#### Task directions
Copy all records precisely, apart from the pictures.

#### Stored data entries

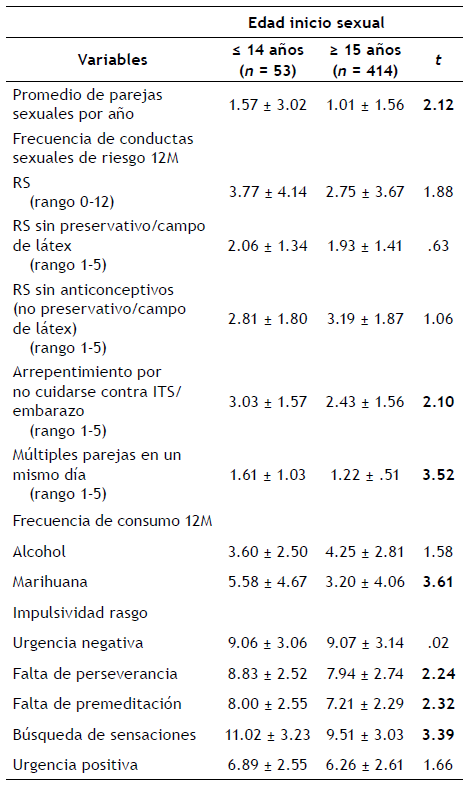 Quienes reportaron inicio sexual temprano exhibieron un promedio de parejas sexuales por año y una frecuencia de arrepentimiento por no cuidarse contra ITS/embarazo significativamente mayor que quienes se iniciaron más tarde. Específicamente, quienes se iniciaron tempranamente exhibieron una media de frecuencia de arrepentimientocorrespondiente a la categoría “la mitad de las veces” (M = 3), y quienes se iniciaron más tarde exhibieron una media equivalente a la categoría “a veces” (M = 2). Asimismo, los resultados mostraron una diferencia significativa entre ambos grupos para la frecuencia de múltiples parejas. Sin embargo, ambos grupos exhibieron un puntaje medio correspondiente a la categoría “nunca/casi nunca” (M = 1). Es decir, esta conducta fue poco frecuente más allá de la edad de inicio sexual. Finalmente, el grupo con inicio sexual temprano exhibió una frecuencia de consumo de marihuana en el último año y un nivel de falta de perseverancia, falta de premeditación y búsqueda de sensaciones significativamente mayores que quienes no tuvieron inicio temprano (Tabla 1).
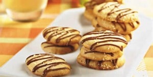 - Coloque o chocolate em um saco de confeitar e decore os biscoitos.
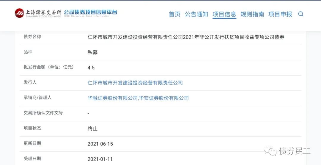 1、扶貧專項債。仁懷市城市開發建設投資經營有限責任公司2021年非公開發行扶貧項目收益專項公司債券,擬發行金額4.5億元,申報時間為2021年1月11日,終止時間為2021年6月15日。
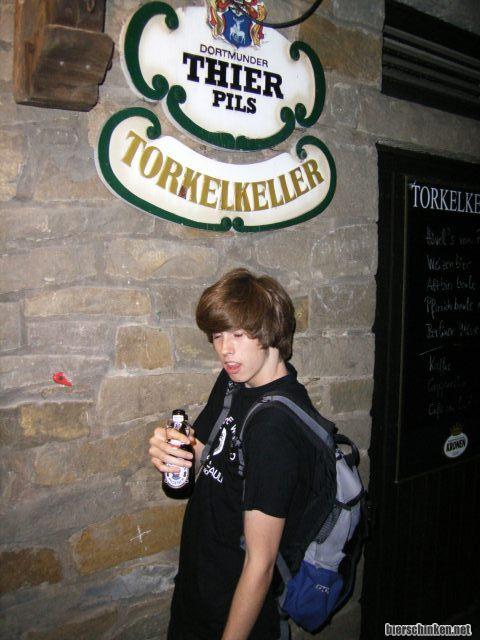 Hille posiert noch kurz vorm Torkelkeller. Da warnwa pissen. Die Klos da drinne sind so eng dass da keiner am Waschbecken stehen darf wenn man die Tür öffnet. Aber Hauptsache umsonst, danke lieber Torkelkeller. Jo, danach dann aber zurück, aber flott!
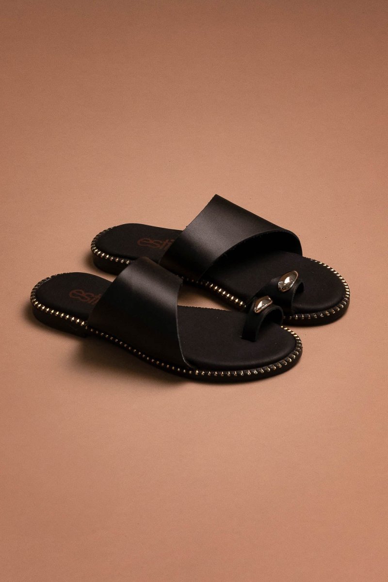 Σανδάλια δερμάτινα με ασύμμετρο σχέδιο Estil - Μαύρο

#### Solution
 Quienes reportaron inicio sexual temprano exhibieron un promedio de parejas sexuales por año y una frecuencia de arrepentimiento por no cuidarse contra ITS/embarazo significativamente mayor que quienes se iniciaron más tarde. Específicamente, quienes se iniciaron tempranamente exhibieron una media de frecuencia de arrepentimientocorrespondiente a la categoría “la mitad de las veces” (M = 3), y quienes se iniciaron más tarde exhibieron una media equivalente a la categoría “a veces” (M = 2). Asimismo, los resultados mostraron una diferencia significativa entre ambos grupos para la frecuencia de múltiples parejas. Sin embargo, ambos grupos exhibieron un puntaje medio correspondiente a la categoría “nunca/casi nunca” (M = 1). Es decir, esta conducta fue poco frecuente más allá de la edad de inicio sexual. Finalmente, el grupo con inicio sexual temprano exhibió una frecuencia de consumo de marihuana en el último año y un nivel de falta de perseverancia, falta de premeditación y búsqueda de sensaciones significativamente mayores que quienes no tuvieron inicio temprano (Tabla 1).
 - Coloque o chocolate em um saco de confeitar e decore os biscoitos.
 1、扶貧專項債。仁懷市城市開發建設投資經營有限責任公司2021年非公開發行扶貧項目收益專項公司債券,擬發行金額4.5億元,申報時間為2021年1月11日,終止時間為2021年6月15日。
 Hille posiert noch kurz vorm Torkelkeller. Da warnwa pissen. Die Klos da drinne sind so eng dass da keiner am Waschbecken stehen darf wenn man die Tür öffnet. Aber Hauptsache umsonst, danke lieber Torkelkeller. Jo, danach dann aber zurück, aber flott!
 Σανδάλια δερμάτινα με ασύμμετρο σχέδιο Estil - Μαύρο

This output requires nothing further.